We defined two objects inhereted from `MPRAdata`:
- `MPRABarcodeData` for DNA and RNA counts per barcode
- `MPRAOligoData` for RNA and DNA counts aggregated per oligo

`MPRABarcodeData` can be generated from `MPRABarcodeData` but not vice versa. So we start with the `MPRABarcodeData` object:

### `MPRABarcodeData`

- `var`: barcodes
- `obs`: replicates

Oligo names are also stored in `var` like `MPRABarcodeData.data.var["oligo"]` and can also be accessed via `MPRABarcodeData.oligos`. Further DNA and RNA counts are stored in `layers` like `MPRABarcodeData.data.layers["dna"]` and `layers["rna"]`. This are the raw counts and those layers are never been modified. You can also access this data via `MPRABarcodeData.raw_rna_counts` and `MPRABarcodeData.raw_dna_counts`.
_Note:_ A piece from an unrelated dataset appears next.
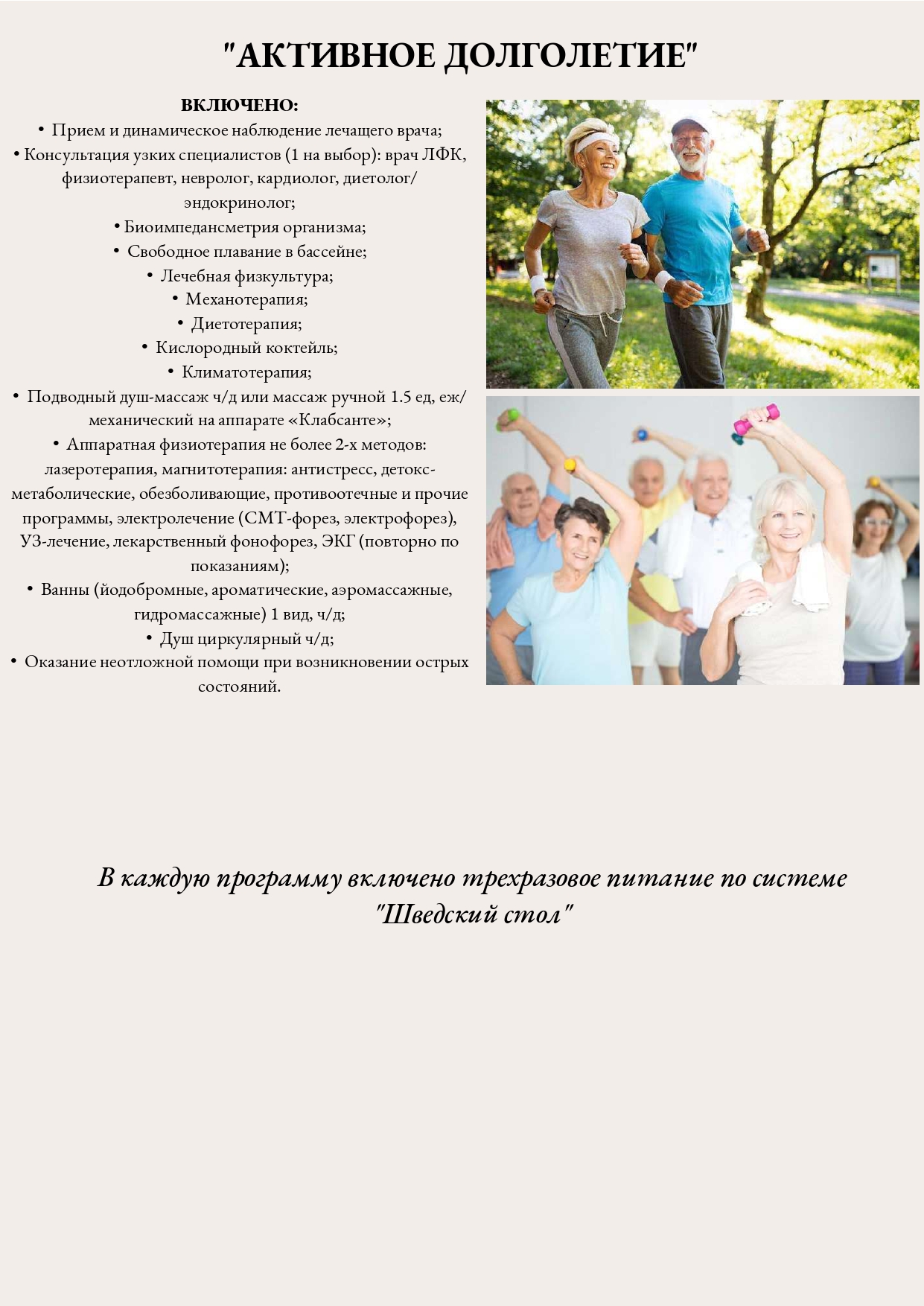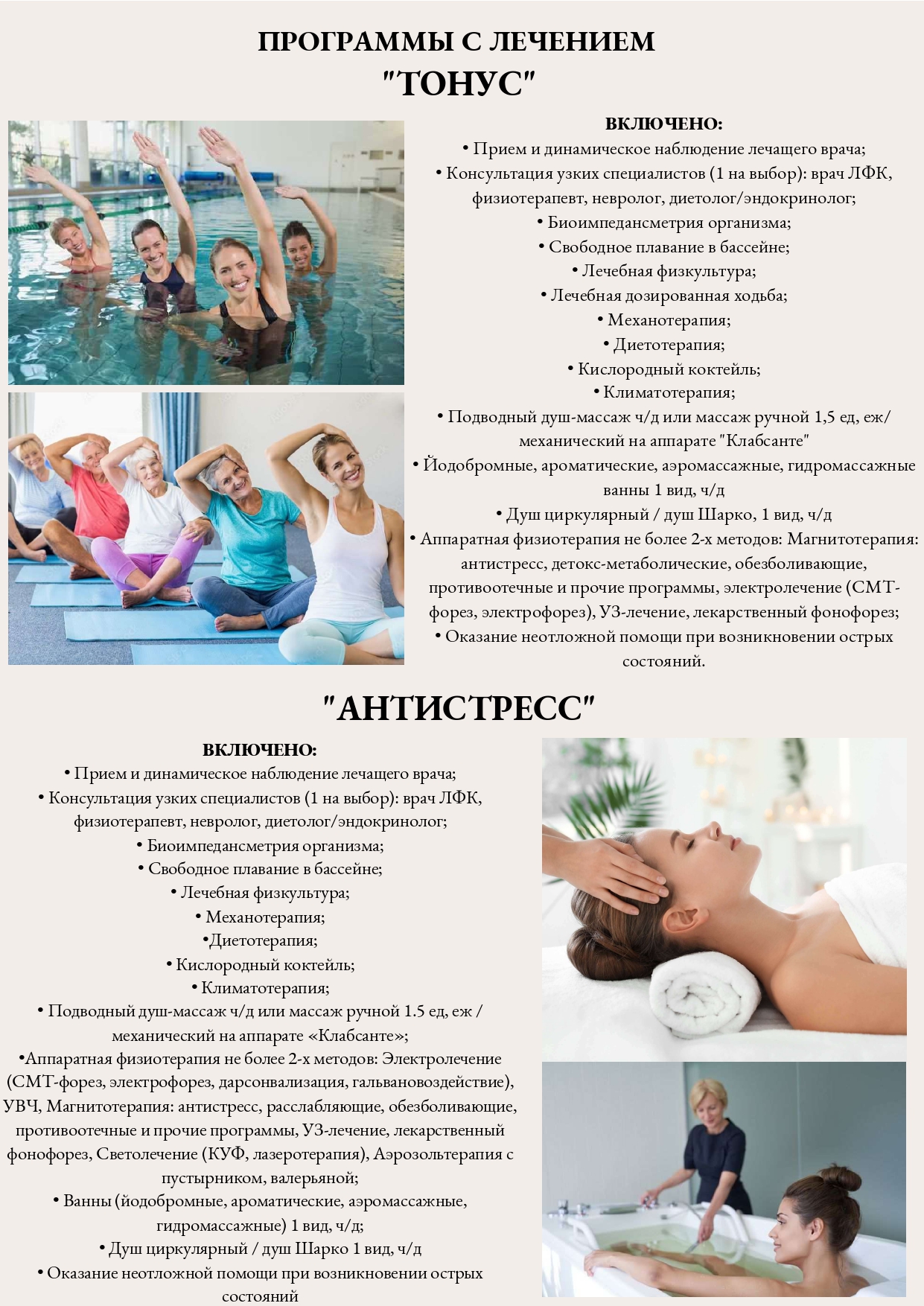 Для тех кто заботится о своем здоровье представлены разнообразные виды лечебных и оздоровительных программ.

Metadata is stored in the `MPRABarcodeData.data.uns` dictionary.

#### Extended count data

There are some further layers that are dynamically updated via the library. This are:

1. Normalization layers in `MPRABarcodeData.data.layers["dna_normalized"]` and `MPRABarcodeData.data.layers["rna_normalized"]`. Usually we have to normalize the data to account for different sequencing depths. This is done by dividing the raw counts by the sum of the counts all counts per replicate and scale them (usually `1e6` like counts per million). We use a pseudo count of `1` to avoid division by zero. So barcodes are allowed to be not observed in either RNA or DNA. When both counts are zero the library will take this barcodes as not observed and will not use it for counting/normalization etc. The pseudocount can be modified via `MPRABarcodeData.PSEUDOCOUNT` e.g. avoiding it via `MPRABarcodeData.PSEUDOCOUNT = 0`.
2. Sampling layers in `MPRABarcodeData.data.layers["dna_sampling"]` and `MPRABarcodeData.data.layers["rna_sampling"]`. This is only an edge case when you want to downsample your counts.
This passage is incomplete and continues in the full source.